Unless there is something in particular that the security firm assisting the Americans is doing wrong, there is little sense in opposing a firm that is after all providing jobs and training to Pakistanis. The raid on the office of a Pakistani security firm providing security to the American embassy in Islamabad has raised more questions than it answers. The paperwork for the weapons seized by the police, including those requiring special permission, appears to be in order and as yet no official has explained the illegalities the security firm is suspected of committing.

A section of the media, however, appears convinced of the ‘guilt’ of the security firm and the Americans and has frenziedly reported the ‘threats’ from their activities.
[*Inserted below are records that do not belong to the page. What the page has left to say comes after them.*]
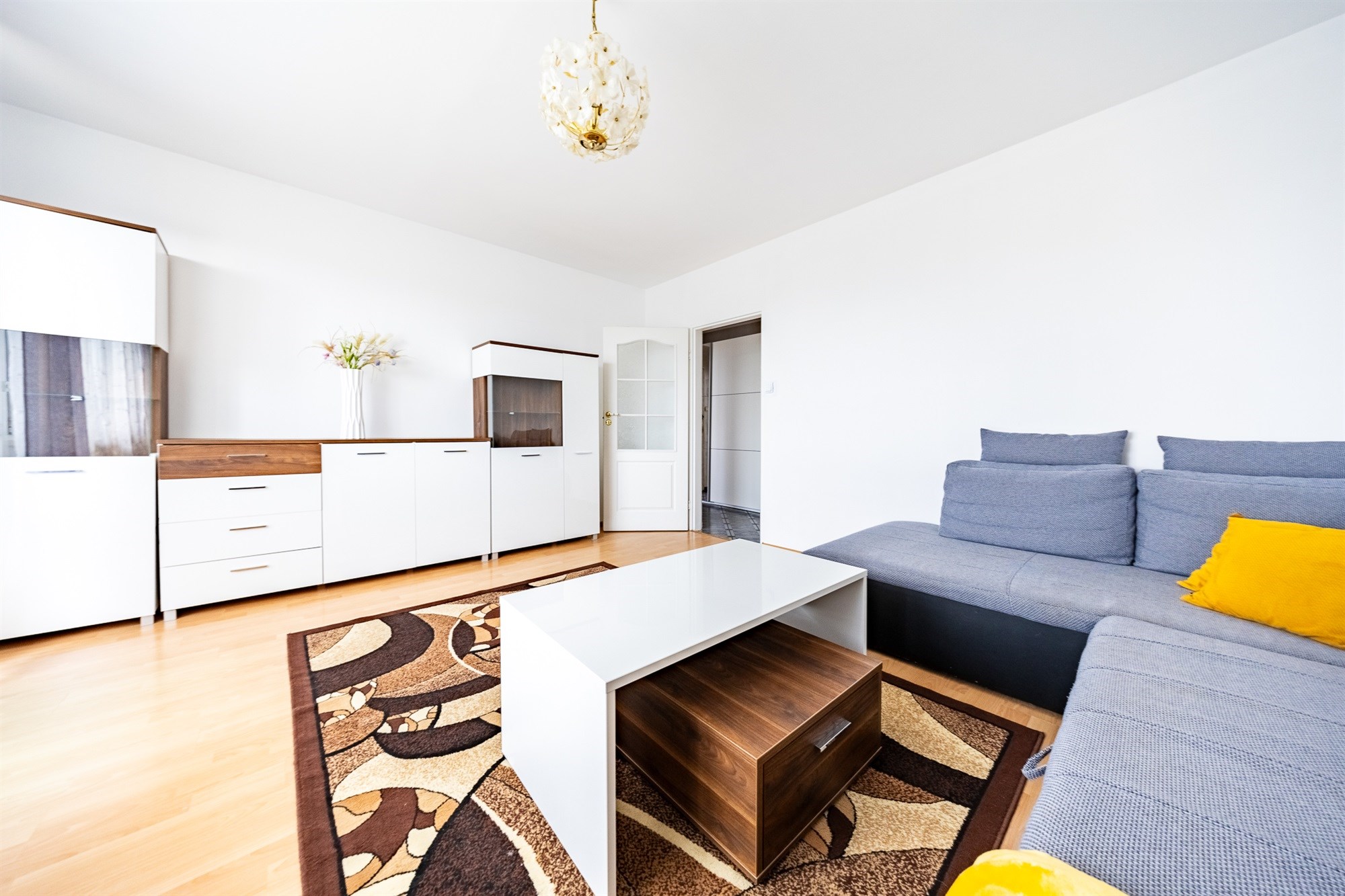 Mieszkanie składa się z jasnego i przestronnego salonu, który posiada duży balkon. To idealne miejsce na poranną kawę lub wieczorny relaks na świeżym powietrzu.
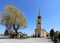 | Katholische Filialkirche hl. Katharina in Reichersdorf, ein Ortsteil der niederösterreichischen Marktgemeinde Nußdorf ob der Traisen . Ein schlichter Bau aus dem Jahr 1830 mit einer rundbogig geschlossener Apsis und genutetem Westturm. Südseitig wurde 1972 eine Aufbahrungshalle angebaut. | Eigenes Werk | C.Stadler/Bwag | Datei:Reichersdorf - Kirche.JPG |
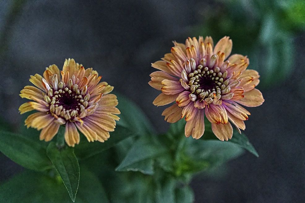 | I went out and pulled as many weeds as I could find, cut out some old blooms, and spread a layer of new seeds out. Here's a funny coincidence in unlucky zinnias: I have no idea why one is missing petals and the other is missing the entire center, but it's pretty funny looking. The heat and drought has pretty much ravaged everything here, and my zinnias are no exception. Seems the hotter it gets, the more desperate bugs seem to be, and also the worse my garden turns out. At least my peppers seem to be holding up. |
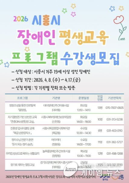 (케이엠뉴스) 시흥시가 관내 성인 장애인의 학습권 보장과 사회참여 확대를 위해 ‘2026년 장애인 평생교육 프로그램 지원사업’을 본격적으로 시작하며, 4월 8일부터 17일까지 프로그램 운영을 위한 학습자를 모집한다.
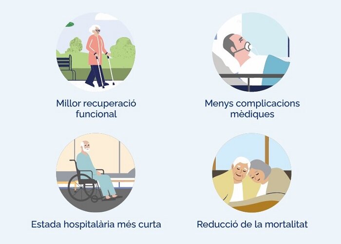 Beneficis per als pacients. La combinació d'una cirurgia precoç amb l'inici immediat de la rehabilitació permet reduir el temps d'immobilització, escurçar l'estada hospitalària i afavorir una millor recuperació funcional. A més, aquest abordatge contribueix a disminuir les complicacions mèdiques i la mortalitat associada a aquestes lesions.
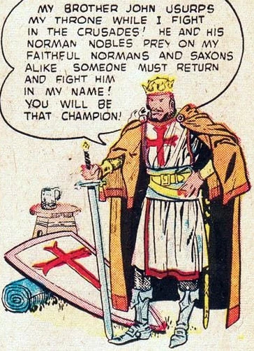 In the story of Ivanhoe, Richard returned to England, hiding his identity from Prince John as the mysterious Black Knight. Later, he aided Robin Hood in saving Ivanhoe and his companions from the castle.
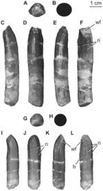 Two teeth were preserved. One tooth was discovered in the quarry during excavation and a second was found as field jackets were opened during preparation of the specimen at Shijiazhuang University. The teeth are attributed to the holotype individual based on their close association with other bones and lack of evidence for transport from another site. Both teeth are well preserved, exhibiting wrinkled enamel. The crowns are subcylindrical, with slenderness indices of 3.46 and 3.36, which is slightly more slender than originally described by Pang and Cheng and intermediate in slenderness between broad and narrow-crowned sauropods (e.g., Euhelopus and Phuwiangosaurus). Neither tooth is strongly twisted along its length as in the upper teeth of brachiosaurids.[2]

But it is a deeply problematic position.

First, American officials in particular face serious threats in Pakistan and they certainly need extra security. Since the possibility of marines protecting American officials has been vociferously rejected by the media and denied by the government only recently that leaves the option of private security guards. Second, private security companies operate by the dozen in Pakistan, protecting countless private citizens and properties, and every company trains its employees and provides them with weapons. So unless there is something in particular that the security firm assisting the Americans is doing wrong, there is little sense in opposing a firm that is after all providing jobs and training to Pakistanis.

It appears though that the ‘wrongs’ allegedly committed are less about legalities and technicalities and more about politics and turf wars. There is zero risk of Islamabad being overrun by ‘American’ security. This isn’t Iraq or Afghanistan, there is no occupation and, frankly, it is embarrassing to suggest that the state and national assets could be at risk from a handful of private guards.

But the leaks of ‘suspicious’ activities are sustained enough to suggest that a faction in the government or the intelligence/security apparatus is worried. Perhaps because the state has not fully worked out what is and isn’t permissible for the growing number of foreign nationals to do inside Pakistan and the tendency for the Americans to push the envelope on occasion to see how far they can go has some Pakistani officials trying to push back through the media. If that is indeed the case, then it needs to be sorted out at the earliest at the highest levels of officialdom.

We cannot afford Pakistanis regarding every white man as an American and every American as a spy or marine, for the last thing we need is to become more isolated from the world business, development and aid communities.